My fiance proposed after one year.  We knew it was going somewhere within the first 2 weeks.  Before 6 months he had started planning the proposal.  At 8 months, I moved in.  We’re in our 30s and I think we just knew what we wanted.  There was no reason to wait.  I couldn’t be happier that he took the leap after a shorter period of dating.  My very practical mom told me that she had no doubt we’d be together forever because we’re perfect for each other.  It doesn’t work for everyone, but I’m thrilled I didn’t have to wait very long.  

We’re not religious. . .

  • This reply was modified 2 years, 1 month ago by  seeker.
Post # 13
291 posts
Helper bee
  • Wedding: April 2014

My DH and I got engaged after dating for 2 months, and then married 4 months after that. We both knew exactly what we were looking for, and when we found it, we knew it.

I think people who have quick time periods are often times more serious during those few months than some people are in years of casual dating. to use your example, I would have known if he was a hoarder because I was at his house almost every day. In your example, your friends had been dating several years and he didn’t know she was a hoarder?? That seems very odd.
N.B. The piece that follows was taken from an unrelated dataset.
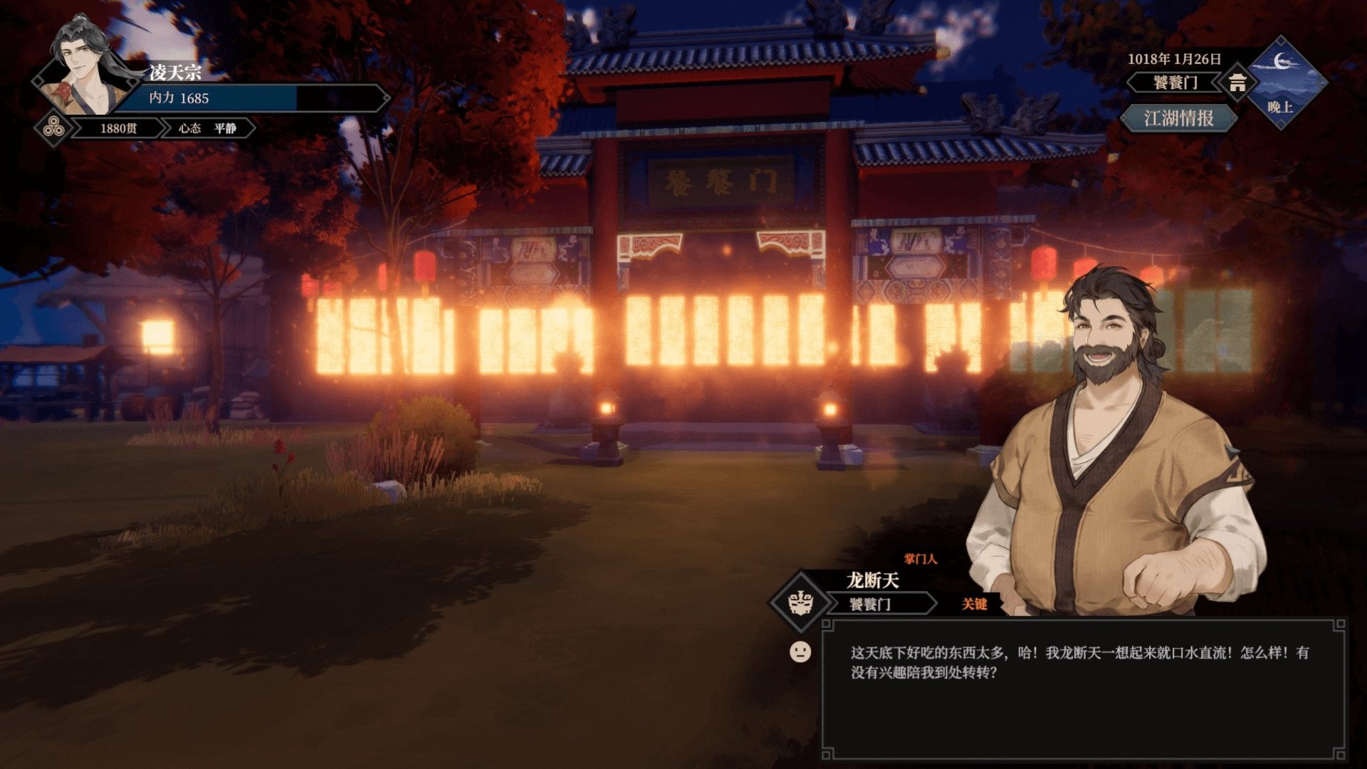 逸态横生的关系互动系统,包括偷窃、下毒、切磋、拜师、偷师、劫杀、下厨、宴请、共奏、送礼、调戏、告白、结婚等等。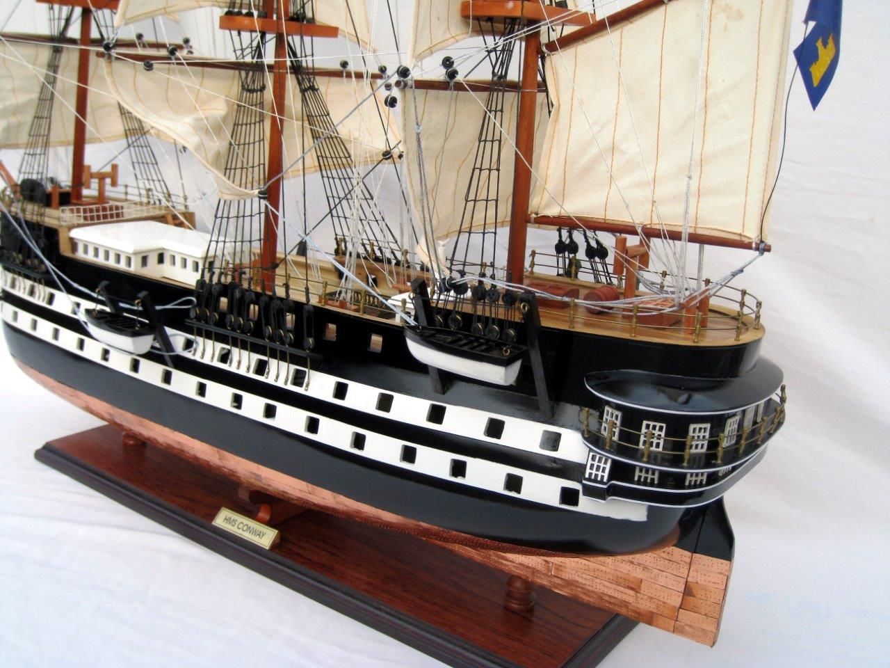 The HMS Conway Ship model is part of wide range of magnificent models from Ghia Nein offered at Premier Ship Models. Ghia Nein are renowned for their craftsmanship. An artisanal business with over twenty years experience, using locally sourced exotic woods and resources to produce exquisite hand crafted models. Based in Vietnam this family artisanal workshop ensures that each model is of high quality and are accurate replicas of original ships. Â Get this wonderful model of the HMS Conway Ship today, to sit proudly as feature in any room.

If I had been dating someone several years and I had never been to their house, that in of itself would be a red flag. 

But yes, you can’t know everything about someone in just a few months. That’s a given and most people know that going into a marriage after a short time period. I think a major part of it is just being committed to growing and evolving together. 

Post # 14
1136 posts
Bumble bee
  • Wedding: March 2015

Kat_Kit2000:  Everyone has their own opinion on this but personally quick engagements make me nervous. You can’t possibly know everything about the person in just a few months.
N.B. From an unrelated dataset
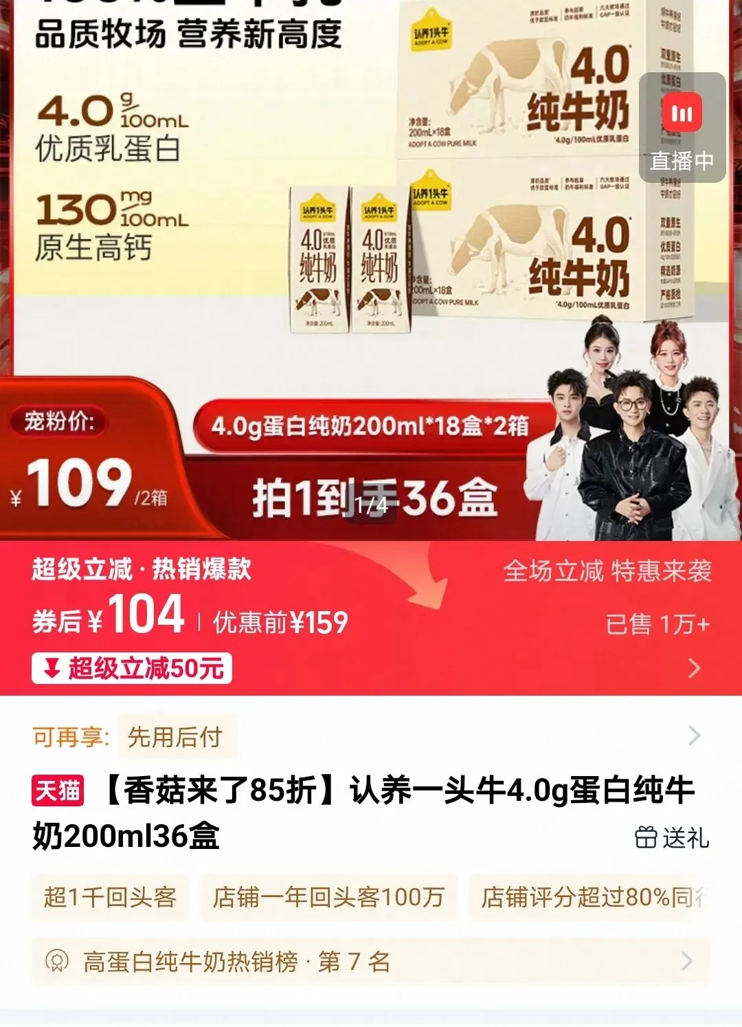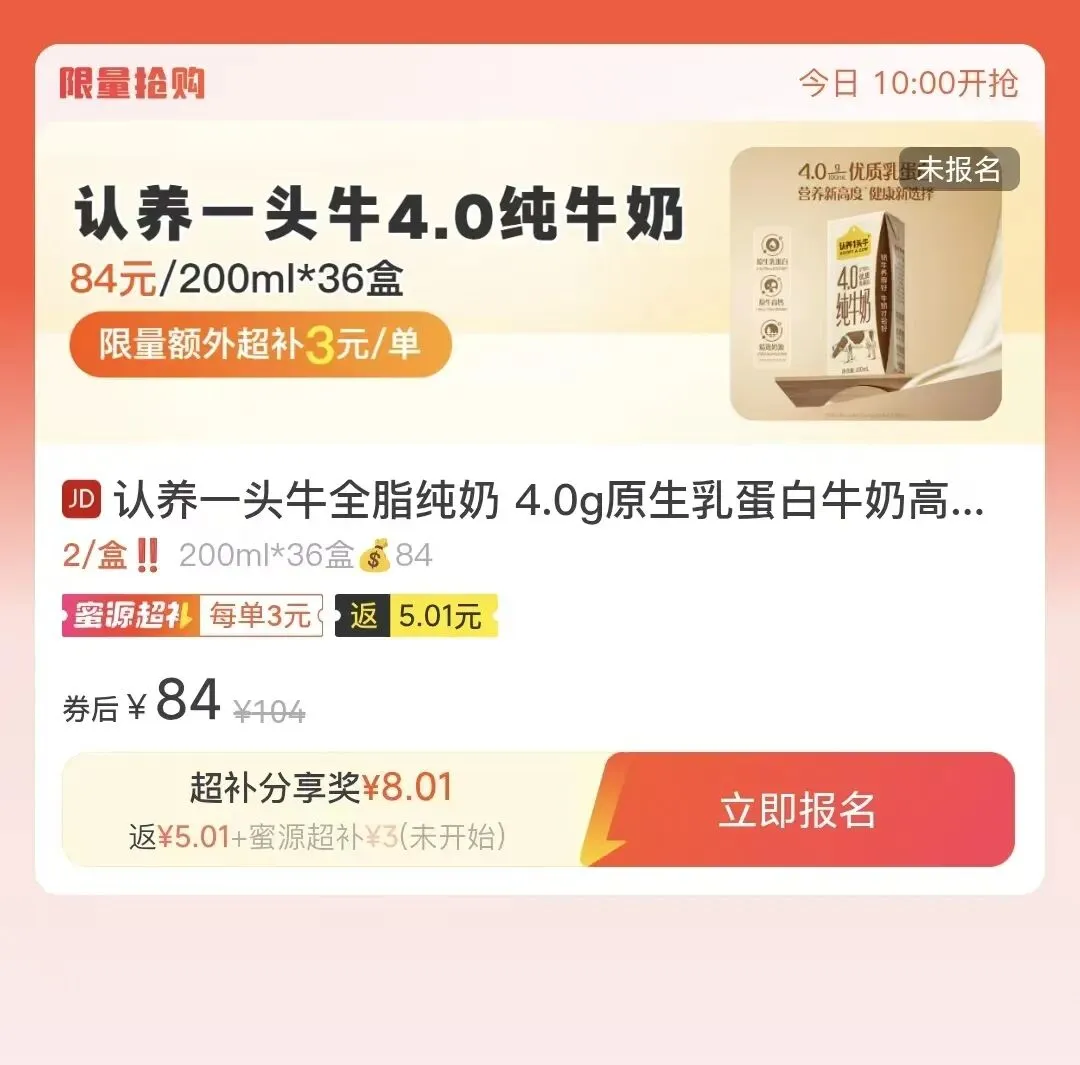 例如下图这个牛奶一箱是36盒,某宝上售价154元,领劵后购买104元,我复制链接到蜜源查找,走蜜源购买84元,且额外还可以获得8元分享奖励。

You continue to learn new things about your partner for years, and you’ll probably still be learning things about them after you’re married even if you do wait, but I think it takes a lot longer than a few months to know enough about a person to be able to make that sort of commitment.

Post # 15
592 posts
Busy bee

76% of couples I know who married quickly also divorced quickly. I did the numbers, lol. I will say they had age going against them as well, 10 of those 17 couples were married before or by their 21st birthday. 
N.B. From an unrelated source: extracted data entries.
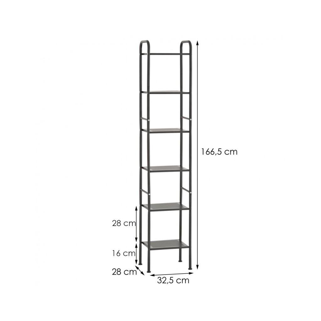 Erga Lexa, koupelnový kovový regál se 6 policemi 28x32,5x166,5 cm, černá matná, ERG-YKA-P.LEXA-BLK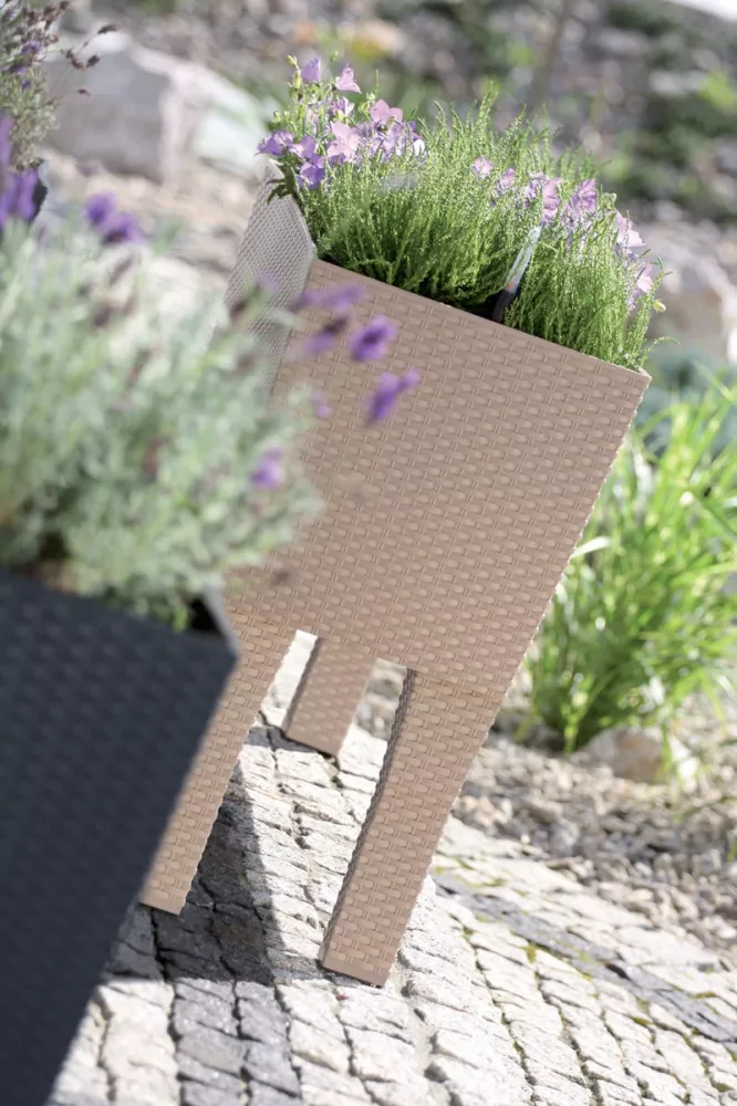 A stabil lábakon álló Rato Case High Can láda kitűnően mutat a teraszokon és balkonokon. A készletben öntöző rendszer is található. Mérete:(Hosszúság x Szélesség x Magasság) 33 x 80 x 62 cm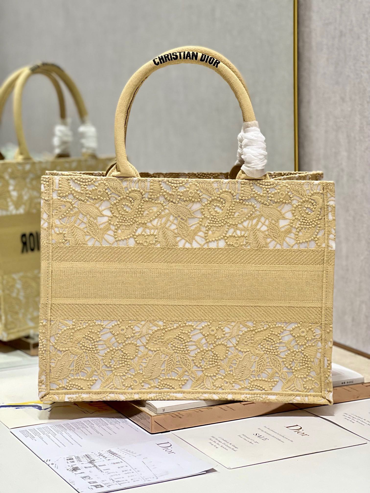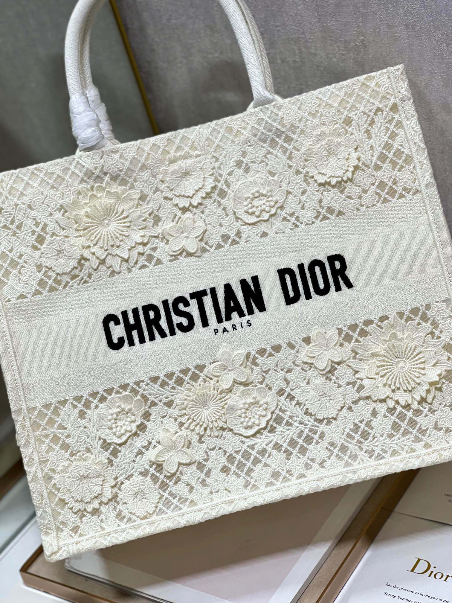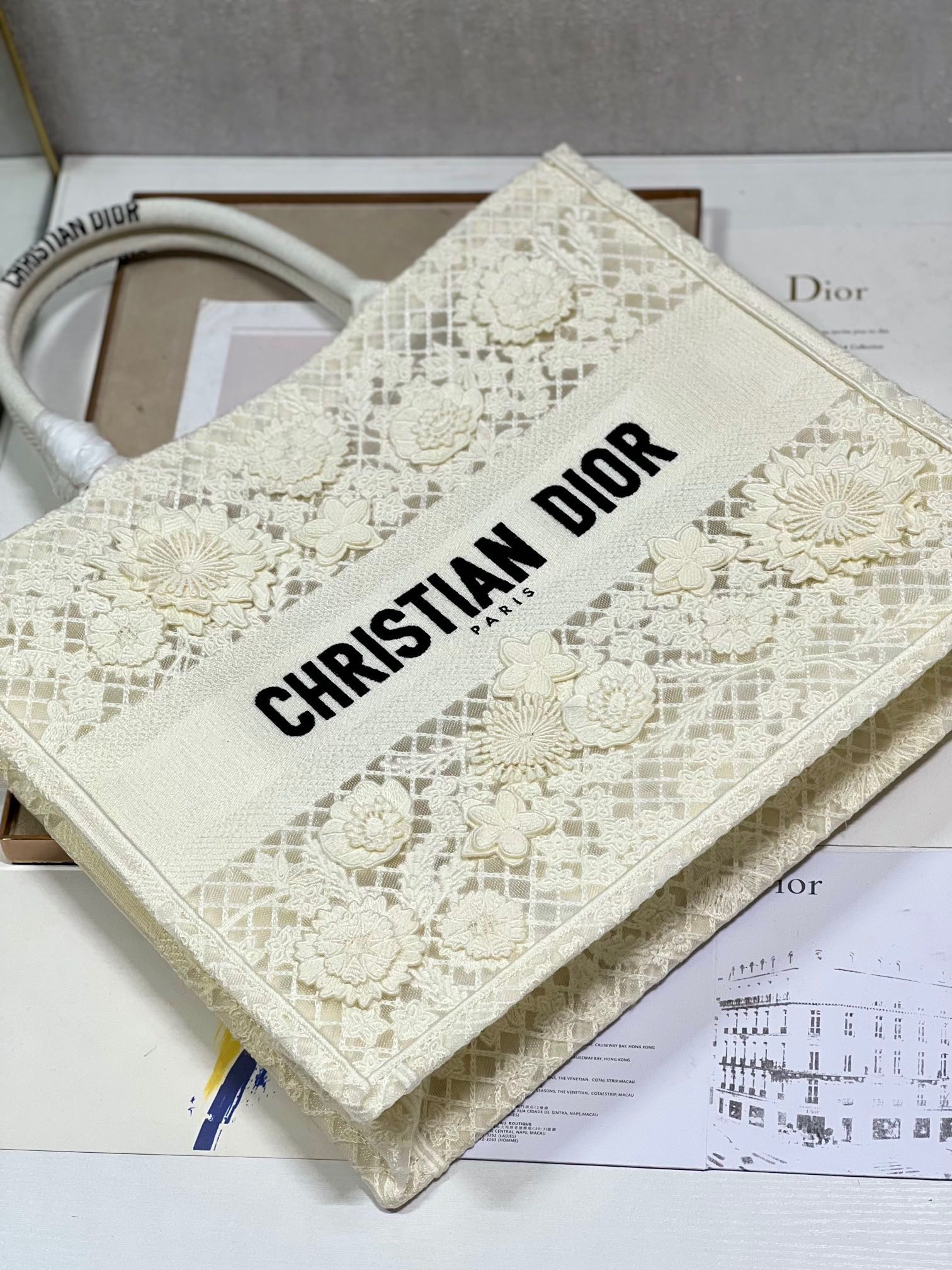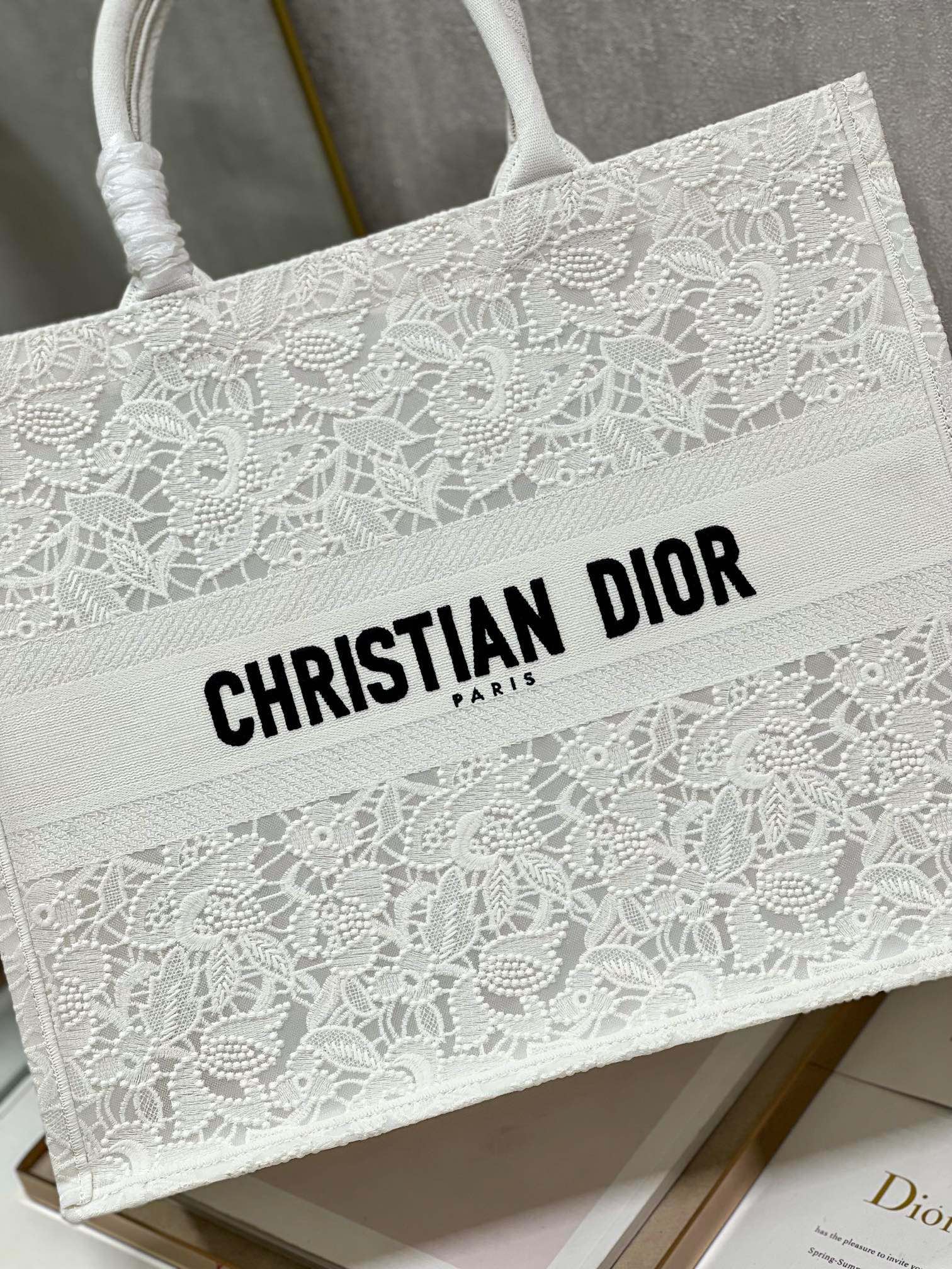 CD Lace White Book Tote 42cm Bag Canvas 336570

Out of the four who didn’t divorce, only one is currently happy. Two couples have separated on and off in the past two years. And the forth couple are/were my grandparents, who have both since passed but lived very happy lives with each other. 

I’ve also known a LOT of people who got engaged quickly, but then ended up breaking it off before they got down the aisle. Last I checked I think the US national statistic for broken engagements was around 60%

Obviously there’s some logic to waiting to marry until you’ve been together 2-4 years at least. But of course it doesn’t predict how every marriage will go. Everyone has a story about how soandso and somebody got married after a hugely romantic mere weeks/months period and lived happy ever after. I would venture to guess though, that the quicker you get married, the harder the first 5-10 years (sometimmes more) can be. I’d say quite a few of my friends who married quickly would agree with me, even the happily married ones.